Bitscope stellt ein Testprogramm namens Display bereit, mit dem ein Rechner daraufhin getestet werden kann, ob seine Grafikperformance ausreicht, um die Messergebnisse darzustellen. Laut diesem Programm ist die Performance des Raspberry Pi nicht überragend, reicht aber für eine halbwegs flüssige Darstellung. Unseren Test führten wir mit einer frischen Raspbian-Installation durch.

Die Programme sind identisch mit den Versionen für andere Betriebssysteme, sie setzen auf einer gemeinsamen Softwarebasis auf. Diese Abstraktion scheint aber die Ursache für das grundlegende Problem mit den Bitscope-Programmen auf dem Raspberry Pi zu sein. Nicht nur der jeweilige Programmstart dauert eine halbe Ewigkeit, auch Benutzeraktionen mit den Programmoberflächen gestalten sich sehr zäh. Die Bedienung setzt sehr auf Kontextmenüs per Rechtsklick mit der Maus. Zwischen dem Klick und dem Erscheinen des Menüs können schon ein paar Sekunden vergehen, unabhängig vom Menüinhalt. Die Prozessorauslastung erreicht dabei auch sporadisch die 100 Prozent.

Positiv herauszuheben ist aber die dynamische Darstellung der Ergebnisse. Die Grafik ist zwar nicht ganz ruckelfrei, aber brauchbar. Ohne Benutzerinteraktion hält sich auch die Prozessorauslastung in Grenzen. Wir ließen das Raspberry Pi mehr als eine Stunde lang ein PWM-Signal in Bitscope DSO darstellen. Der Prozessor hat sich dabei nicht merklich erwärmt.
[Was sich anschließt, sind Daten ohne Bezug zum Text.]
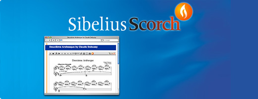 Sibelius Scorch is the amazing free web browser plug-in that lets you play, transpose, change instruments, save and print your Sibelius scores on the Internet. |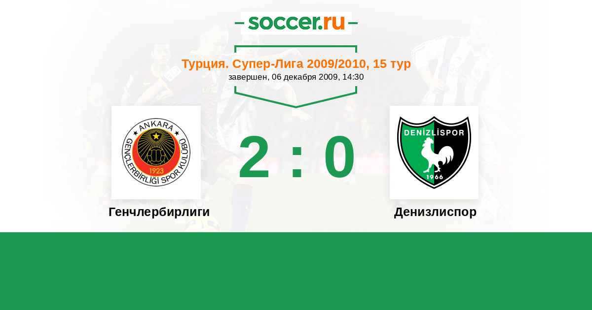 Генчлербирлиги - Денизлиспор: обзор матча 6 декабря 2009

Neben der Oszilloskop-Funktion haben wir auch den Logic Analyzer ausprobiert, um eine I2C-Verbindung zu überwachen. Das Programm zeigt hier nicht nur den reinen Signalverlauf, sondern "übersetzt" die Signale auch in die konkreten Werte. Dem Kommunikationsverlauf über I2C konnten wir problemlos folgen, lediglich der kleine Sample-Speicher des Bitscope Micro machte sich hier negativ bemerkbar.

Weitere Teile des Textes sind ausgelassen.